* _TASK BRIEF_
Each line of the data is to be output verbatim, with the images removed.

* _THE DATA_
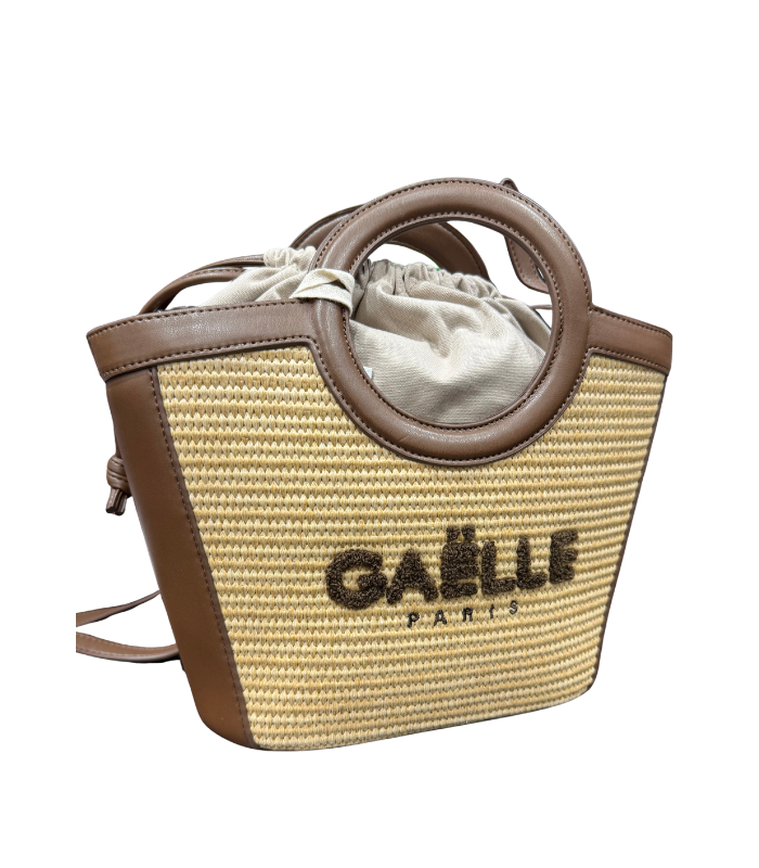 Borsa Gaëlle Paris, a mano con tracolla regolabile e rimovibile sui toni del beige e marrone.
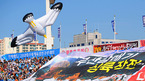 '2008 삼성 PAVV 프로야구 준플레이오프' 삼성 라이온즈와 롯데 자이언츠의 3차전이 11일 대구구장에서 벌어졌다. 롯데 응원단이 대형 현수막을 이용해서 응원을 펼치고 있다./대구=민경훈 기자rumi@osen.co.kr [Copyright ⓒ 한국 최고의 스포츠 엔터테인먼트 전문 미디어 OSEN(www.osen.co.kr)...
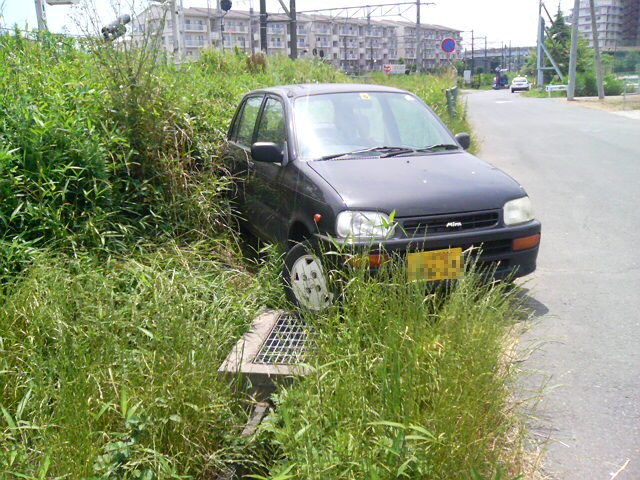 車の後ろが既に雑草の中に潜り込んでいます・・・。

* _TASK OUTPUT_
 Borsa Gaëlle Paris, a mano con tracolla regolabile e rimovibile sui toni del beige e marrone.
 '2008 삼성 PAVV 프로야구 준플레이오프' 삼성 라이온즈와 롯데 자이언츠의 3차전이 11일 대구구장에서 벌어졌다. 롯데 응원단이 대형 현수막을 이용해서 응원을 펼치고 있다./대구=민경훈 기자rumi@osen.co.kr [Copyright ⓒ 한국 최고의 스포츠 엔터테인먼트 전문 미디어 OSEN(www.osen.co.kr)...
 車の後ろが既に雑草の中に潜り込んでいます・・・。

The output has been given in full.